What you should do →
Could the data below please be reproduced word for word, without the pictures?

Segment Start: Recorded data

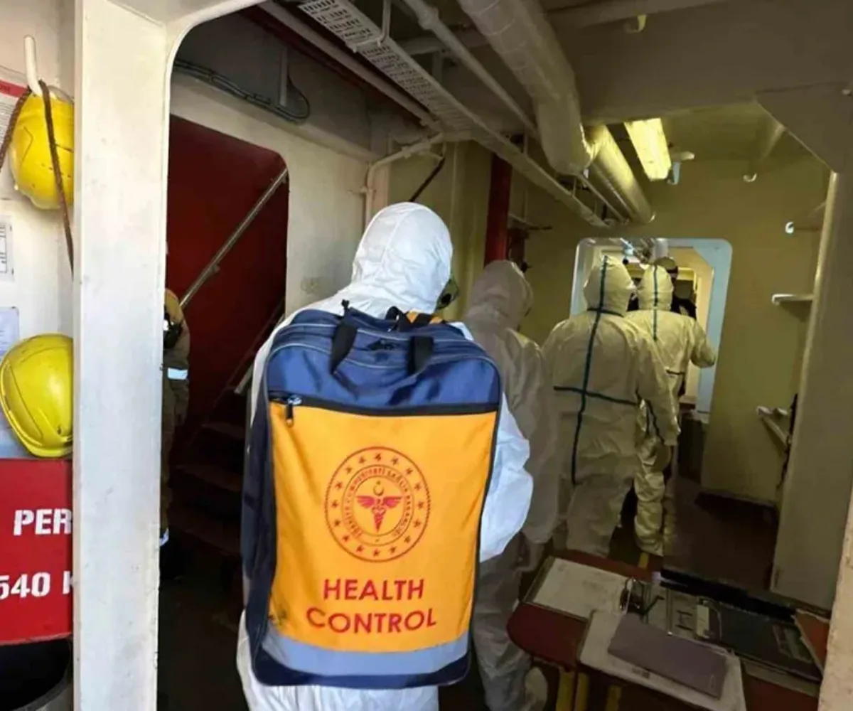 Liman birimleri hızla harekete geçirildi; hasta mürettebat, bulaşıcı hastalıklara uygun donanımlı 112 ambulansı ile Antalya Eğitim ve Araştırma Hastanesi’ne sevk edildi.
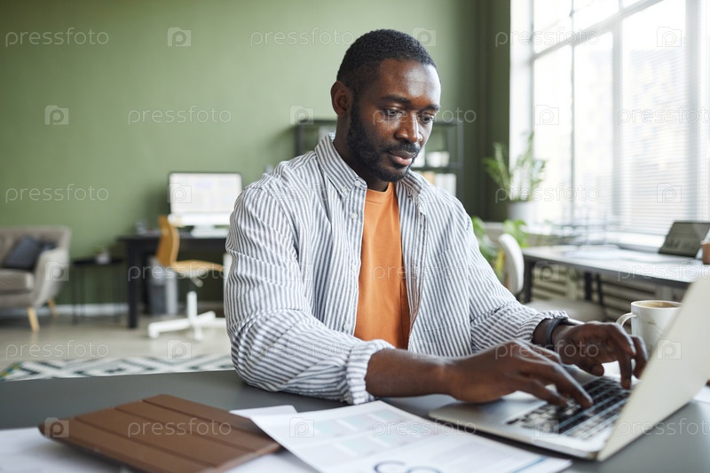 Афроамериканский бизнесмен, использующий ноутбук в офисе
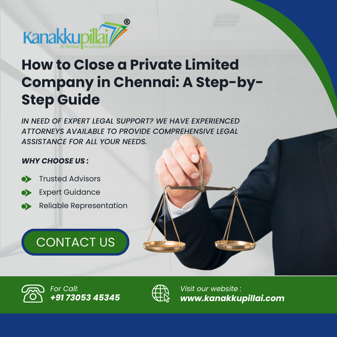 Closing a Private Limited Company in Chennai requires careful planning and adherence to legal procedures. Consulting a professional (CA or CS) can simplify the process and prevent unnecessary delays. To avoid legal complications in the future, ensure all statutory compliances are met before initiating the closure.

Segment End: Recorded data

Your solution →
 Liman birimleri hızla harekete geçirildi; hasta mürettebat, bulaşıcı hastalıklara uygun donanımlı 112 ambulansı ile Antalya Eğitim ve Araştırma Hastanesi’ne sevk edildi.
 Афроамериканский бизнесмен, использующий ноутбук в офисе
 Closing a Private Limited Company in Chennai requires careful planning and adherence to legal procedures. Consulting a professional (CA or CS) can simplify the process and prevent unnecessary delays. To avoid legal complications in the future, ensure all statutory compliances are met before initiating the closure.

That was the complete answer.